Introduction to Game Design, Prototyping, and Development (2015)

Part I: Game Design and Paper Prototyping

Chapter 2. Game Analysis Frameworks

Ludology is the fancy name for the study of games and game design. Over the past decade, ludologists have proposed various analytical frameworks for games to help them understand and discuss the structure and fundamental elements of games and the impact of games on players and society.

This chapter presents a few of the most commonly used frameworks that you should know as a designer.

The following chapter will synthesize ideas from these common frameworks into the Layered Tetrad framework used throughout this book.

Common Frameworks for Ludology

The frameworks presented in this chapter are:

Image MDA: First presented by Robin Hunicke, Marc LeBlanc, and Robert Zubek, MDA stands for mechanics, dynamics, and aesthetics. It is the framework that is most familiar to designers working in the field and has important things to say about the difference in the relationships of the designer and the player to the game.

Image Formal, dramatic, and dynamic elements: Presented by Tracy Fullerton and Chris Swain in the book Game Design Workshop, the FDD framework focuses on concrete analytical tools to help designers make better games and push their ideas further. It owes a lot to the history of film studies.

Image Elemental tetrad: Presented by Jesse Schell in his book The Art of Game Design, the elemental tetrad splits games into four core elements: mechanics, aesthetics, story, and technology.

Each of these frameworks has benefits and drawbacks, and each has contributed to the Layered Tetrad presented in this book. They are covered here in the order that they were published.

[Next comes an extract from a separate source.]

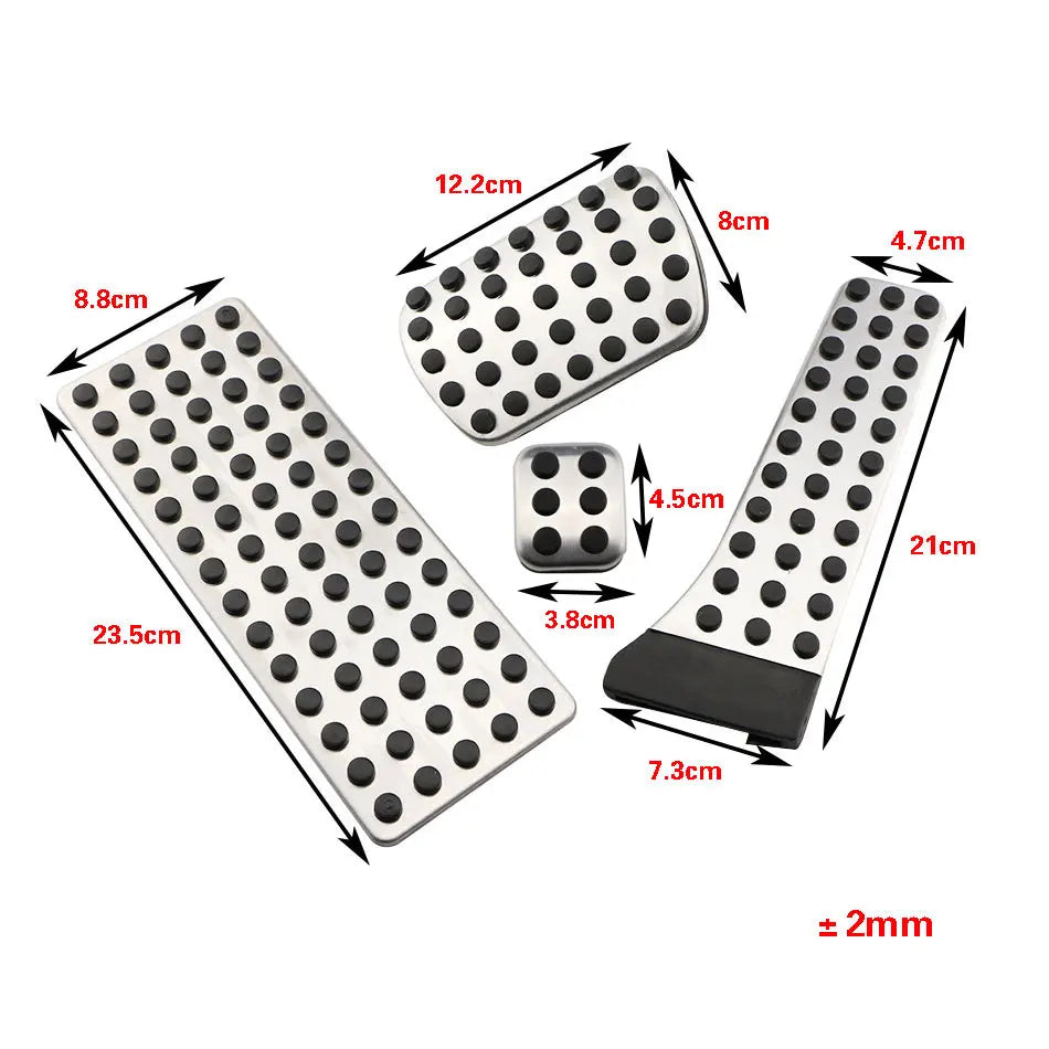 - Montavimas: Dujų pedalų dangtelis: tiesiog uždėkite ant originalaus dujų pedalo. Stabdžių pedalų dangtelis: nuimkite gumą nuo originalaus stabdžių pedalo, tada uždėkite dangtelį.

MDA: Mechanics, Dynamics, and Aesthetics

First proposed at the Game Developers Conference in 2001 and formalized in the 2004 paper “MDA: A Formal Approach to Game Design and Game Research,”1 MDA is the most commonly referenced analytical framework for ludology. The key elements of MDA are its definitions of mechanics, dynamics, and aesthetics; its understanding of the different perspectives from which the designer and player view a game; and its proposal that designers should first approach a game through the lens of aesthetics and then work back toward the dynamics and mechanics that will generate those aesthetics.

1 Robin Hunicke., Marc LeBlanc, and Robert Zubek, “MDA: A Formal Approach to Game Design and Game Research,” in Proceedings of the AAAI workshop on Challenges in Game AI Workshop (San Jose, CA: AAAI Press, 2004), http://www.cs.northwestern.edu/~hunicke/MDA.pdf.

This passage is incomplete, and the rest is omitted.